Parallelism and GPU computing

AI calculations involve quite a few arithmetic calculations. Graphics processing units (GPUs) are computer chips that were designed to parallelize large numbers of small arithmetic calculations. They were designed as such because computer graphics involve rotations, shifts, scaling, etc. of images, are matrix or tensor manipulations, i.e. a large collection of small arithmetic calculations.

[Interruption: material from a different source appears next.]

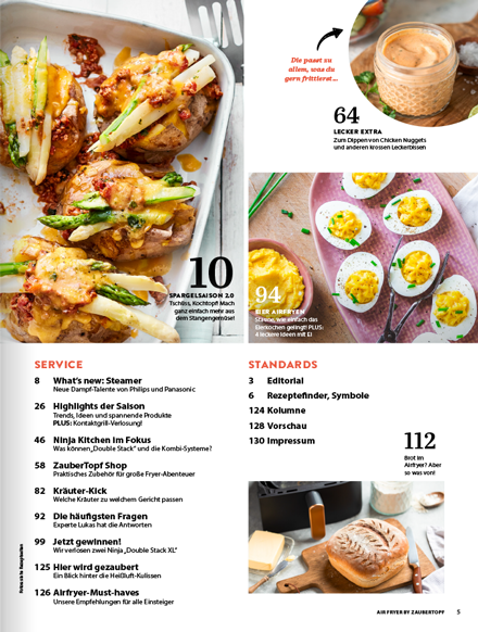 Willkommen zur Frühlingsausgabe von ZauberTopf Extra! Diese Saison feiern wir die Vielfalt der Heißluftfritteuse mit 85 aufregenden Rezepten, die nicht nur schnell und knusprig, sondern auch gesund und köstlich sind. Unser Ziel ist es, Ihnen innovative Ideen zu bieten, die Ihre Küche bereichern und das Kochen zum Vergnügen machen.
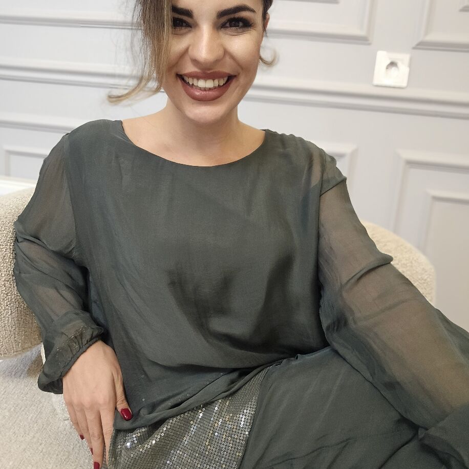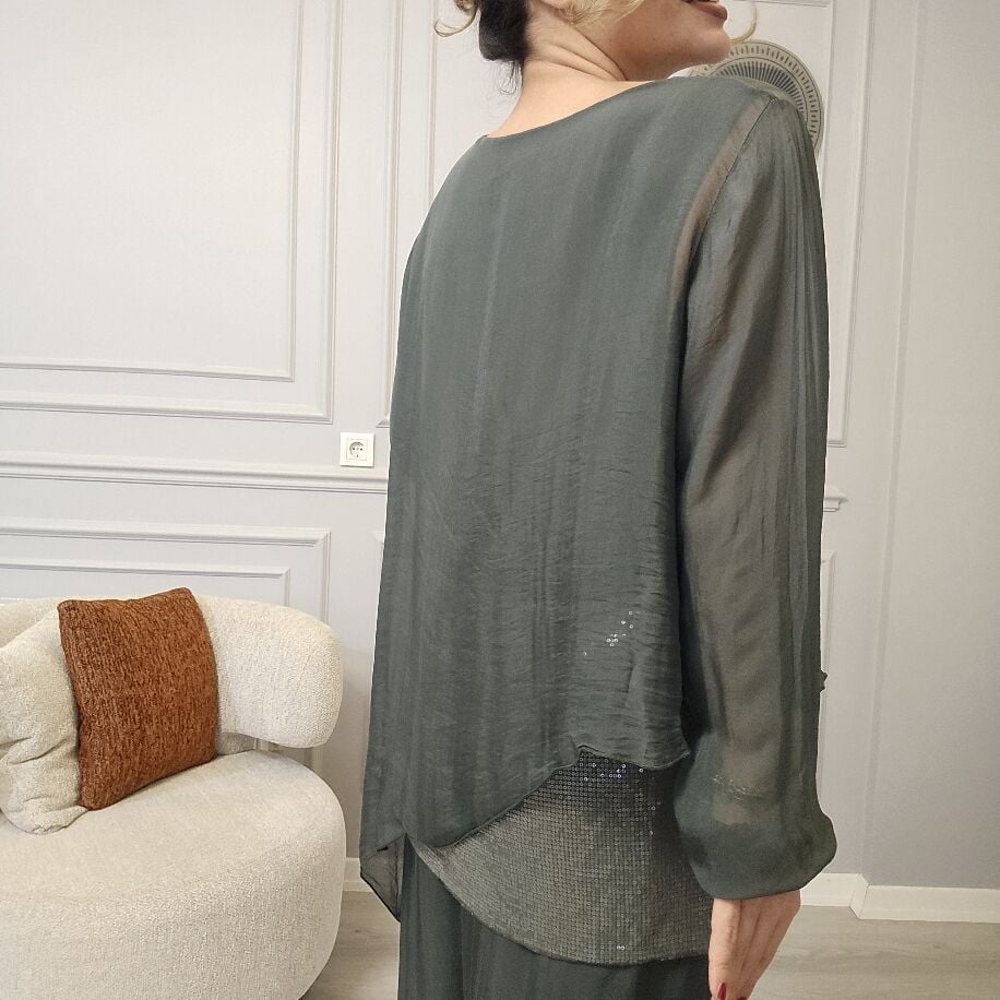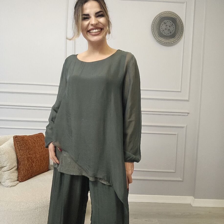 İthal İtalyan İpeği ile Zarafet ve Şıklık! Bu özel iki parçalı takım, uzun kollu bluz ve şık pantolondan oluşuyor. 36-46 beden aralığına mükemmel uyum sağlayan bu takım, iç astarı ve bilekteki lastikli detaylarıyla rahatlığı ön planda tutuyor. Bluzun çapraz inen kesimi ve kalça altına kadar uzanan payet detayı, her kombine zarafet katıyor. Bu eşsiz parça, özel davetlerden günlük şıklığa kadar her anınıza eşlik edecek.

This discussion is relevant, since there is a calculus of parallelization on whether or not it will be worth the effort. In fact, in some cases parallelization can slow down computations. For example, parallelizing across a network will only be beneficial if the cumulative cost of the network transfer is less than the cumulative benefit from parallization. For parallelizing lots of small calculations, the data transfer has to be really fast. What could be faster than on the same chip, like a GPU? The effect of GPU paralleziation on AI learning can be quite significant. We give a simple example below where we parallelize the sum of a few thousand numbers, where the acceleration is on the order of 50 to 70%.

Getting started

I don’t have a GPU in my personal computer. Some options for trying out GPUs include Google Colab and Paperspace to name two examples. I’m doing this example on Colab

import torch
torch.cuda.is_available()
True

By default, calculations will be on the CPU. You have to actually migrate calculations to the GPU. Here I write the code in such a way that it works on the GPU or CPU depending on whether a GPU is available. It’s typical to create a variable called “device” that references the GPU.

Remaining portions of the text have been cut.